CFODive
RSS FeedFirms prioritize growth over job cuts after AI productivity gains
Original Published: December 9, 2025••🟡Neutral
🎯 Impact Sentiment: Neutral
📋 Summary
- Only 17% of companies adopting AI have actually reduced their workforce due to productivity gains, according to EY’s survey.
- Most firms are channeling the benefits from AI into growth areas: new AI investments, cybersecurity, R&D, and employee upskilling, rather than mass layoffs.
- While high-profile layoffs tied to AI do make headlines, EY’s data shows companies are aiming to become more capable and competitive, not just to cut costs.
- AI-related investments are rising sharply, with a large majority of organizations seeing significant productivity and financial performance improvements.
💡 JR Insights
- 💼 Implication: Companies are treating AI as an accelerator for business growth, not just a shortcut to shrink headcount.

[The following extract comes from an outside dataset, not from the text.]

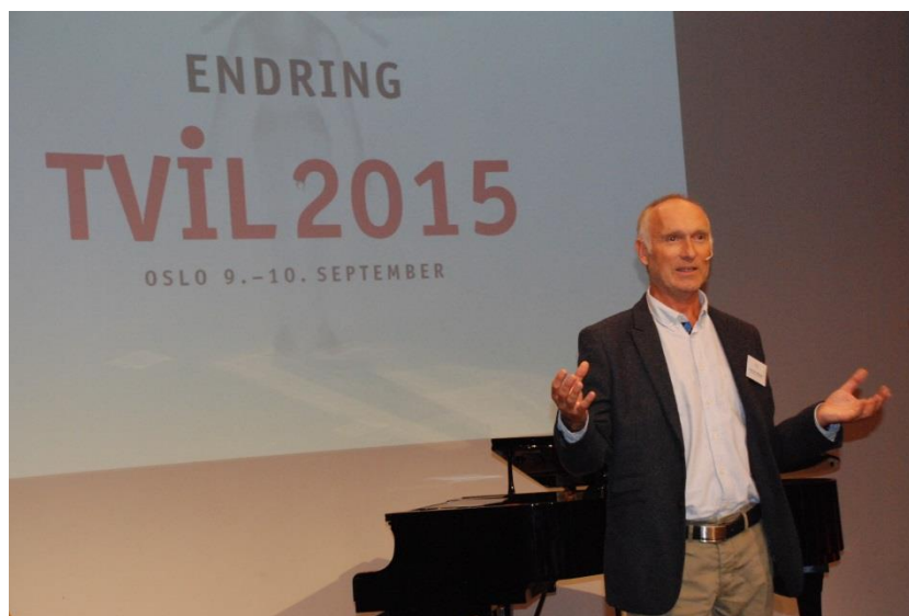
Ytterligere informasjon om TVIL2015: ENDRING kommer på www.tvil.no i løpet av januar 2015.

Tvilsdagene 2015 ønsker å belyse endringsaspektet i vår hverdag og i samfunnslivet.

That’s a good sign if you’re willing to learn and adapt, since they're investing heavily in new skills and tech.
- 🚨 Risk: Don't ignore the fact that some jobs are absolutely being cut—especially in roles that are easy to automate. The attention on upskilling could leave behind workers who don't, or can't, quickly adapt to new tech demands.
- ✨ Takeaway: If you stay on top of new tech, continuously develop your skills, and focus on roles that leverage human judgment and creativity, you’ll be better positioned as companies lean into AI for growth rather than just for cuts.